I have attached the complete panic log below.

Expected behavior

Opa should not panic and exit

fatal_error.log

@jewee jewee added the bug label Apr 26, 2023
@anderseknert
Copy link
Member

Thanks for reporting that @jewee! Sure looks like a bug to me. We'll look into it.

@anderseknert anderseknert added this to Backlog in Open Policy Agent via automation Apr 26, 2023
@ashutosh-narkar
Copy link
Member

@jewee thanks for reporting. Can you please try OPA 0.51.0? Also it would be helpful if you can provide some steps to repro the issue.

@jewee
Copy link
Author

jewee commented May 10, 2023

we have recently upgraded to version 0.50.2 and still get this behavior (a restart every 2 days or so).
I am trying to find some ways to reproduce the problem.
Also will start to do some tests on the latest version `0.52.0

@scarlier
Copy link

scarlier commented May 22, 2023

We seem to have the same error "fatal error: concurrent map iteration and map write" not sure if it is related. Otherwise, I can create a new ticket.

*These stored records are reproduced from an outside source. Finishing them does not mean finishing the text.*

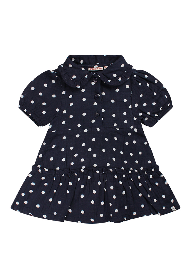 Jurk met een allover stippenprint. De jurk heeft pofmouwen en een ronde kraag. Voorop zit een knoopsluiting en de jurk heeft een stroken rok.
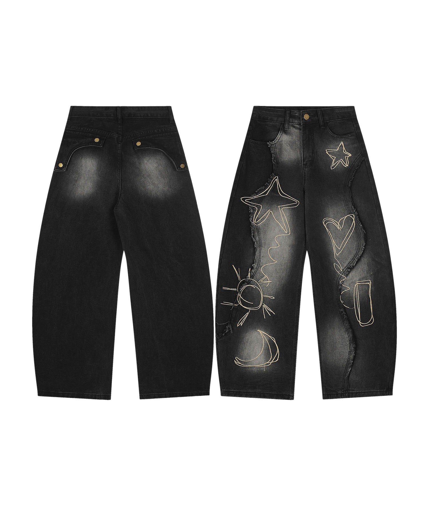グラフィックステッチ ダメージ加工 デニムパンツ
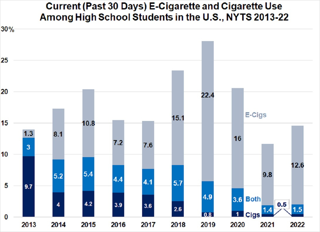 As for teen vaping in 2022, 14.1 percent of high school students used an e-cigarette at least once in the last month (12.6 percent use only e-cigarettes, 1.5 use both cigarettes and e-cigarettes) and 4.2 percent of high school students use daily. (NB: CDC data show that 30.1 percent of high school vapers (14.1 of all high schoolers) use daily. 30.1 percent of 14.1 percent = 4.2)
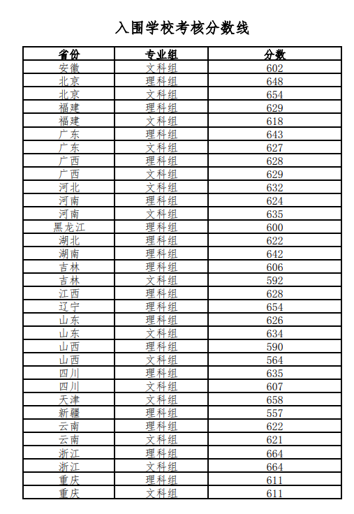 安徽:汉语言文学(古文字学)入围分数线549分、历史学589分、数学与应用数学597分;
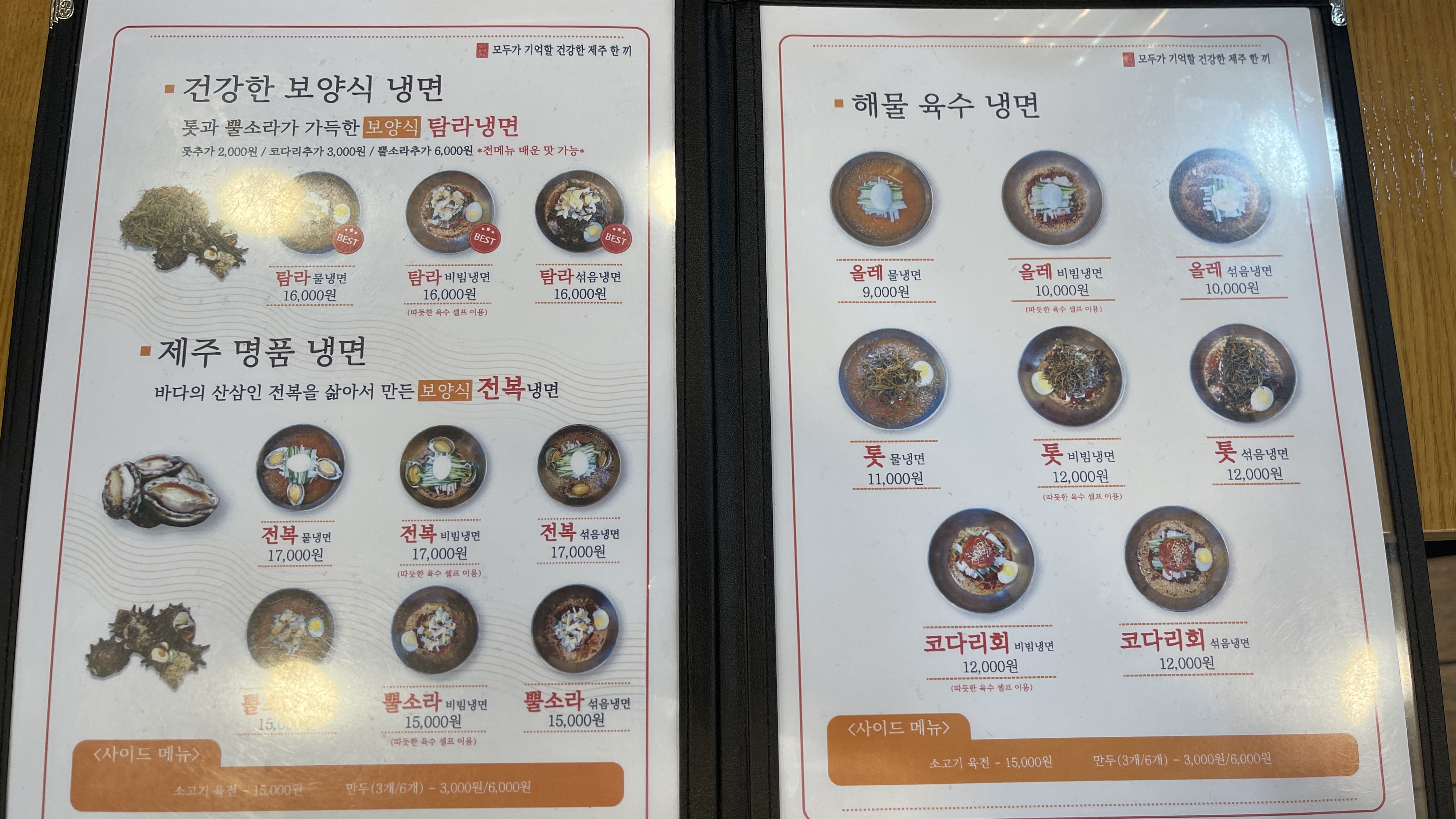 제주올레냉면 메뉴판. 제주올레면옥이었다가 냉면으로 이름이 바뀌었던데, 메뉴판은 아직 올레면옥으로 표기되어 있다. 뭐가 맞는 것인지 아직도 알쏭달쏭..

Running in AWS Fargate with OPA version 0.52.0

fatal error: concurrent map read and map write
goroutine 253983 [running]:
net/textproto.MIMEHeader.Get(0xc0004f5260, {0x1e00c87?, 0xc000073800?})
	/usr/local/go/src/net/textproto/header.go:34 +0x45
net/http.Header.Get(...)
	/usr/local/go/src/net/http/header.go:50

dump.txt

@anderseknert
Copy link
Member

Thanks @scarlier 👍 That's useful for prioritization.

@ashutosh-narkar
Copy link
Member

@scarlier you seem to be using the http.send builtin in your policy. Can you share the policy? Also how is OPA queried in your case. Are there concurrent requests being made to OPA? Any additional details you can provide to repro the issue would be helpful. Thanks!

@scarlier
Copy link

@ashutosh-narkar

This is our function for the http.send

fetch_jwks(token, jwks_urls) = jwks {
  url := jwks_urls[opa.runtime().env.APPLICATION_ENVIRONMENT_NAME]

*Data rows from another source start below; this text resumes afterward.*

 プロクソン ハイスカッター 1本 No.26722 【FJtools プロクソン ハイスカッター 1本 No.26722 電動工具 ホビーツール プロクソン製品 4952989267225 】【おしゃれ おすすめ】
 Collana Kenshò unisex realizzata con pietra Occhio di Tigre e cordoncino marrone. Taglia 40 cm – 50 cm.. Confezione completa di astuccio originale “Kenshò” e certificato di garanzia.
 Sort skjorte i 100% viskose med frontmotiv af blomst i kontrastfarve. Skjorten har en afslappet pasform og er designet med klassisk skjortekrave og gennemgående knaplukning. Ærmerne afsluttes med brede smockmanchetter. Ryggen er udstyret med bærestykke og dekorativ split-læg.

  jwt_unverified := io.jwt.decode(token)
  jwt_header := jwt_unverified[0]

  jwks := http.send({
    "url": concat("?", [url, urlquery.encode_object({"kid": jwt_header.kid})]),
    "method": "GET",
    "force_cache": true,
    "caching_mode": "deserialized",
    "force_cache_duration_seconds": 3600
  }).body

  jwt_header.kid == jwks.keys[_].kid
}

i must say that we did notice some strange behavior that the cache does not work. at-least it works for around an hour and then we see the url getting hit a lot, normal use it would be a few call each hour. but then we see peak usage of around 350 rpm while the policy is called at a rate for around 700 rpm

We call the policy with url http://localhost:8181/v1/data/pcsauth/authenticated with the following input

  Input-Token:
    type: object
    properties:
      input:
        $ref: '#/components/schemas/Token'
  Token:
    type: object
    properties:
      token:
        type: string
        description: JWT token
      ip:
        type: string
        description: ip-address of the client
        example: 192.0.0.1
      service:
        type: string
        description: The service name.
        example: example-service
      resource:
        type: string
        description: The HTTP request path or other identifier should be used to specify the resource being accessed, to ensure proper identification and authorization.
        example: /very-secret/endpoint
    required: ["token", "ip", "service", "resource"]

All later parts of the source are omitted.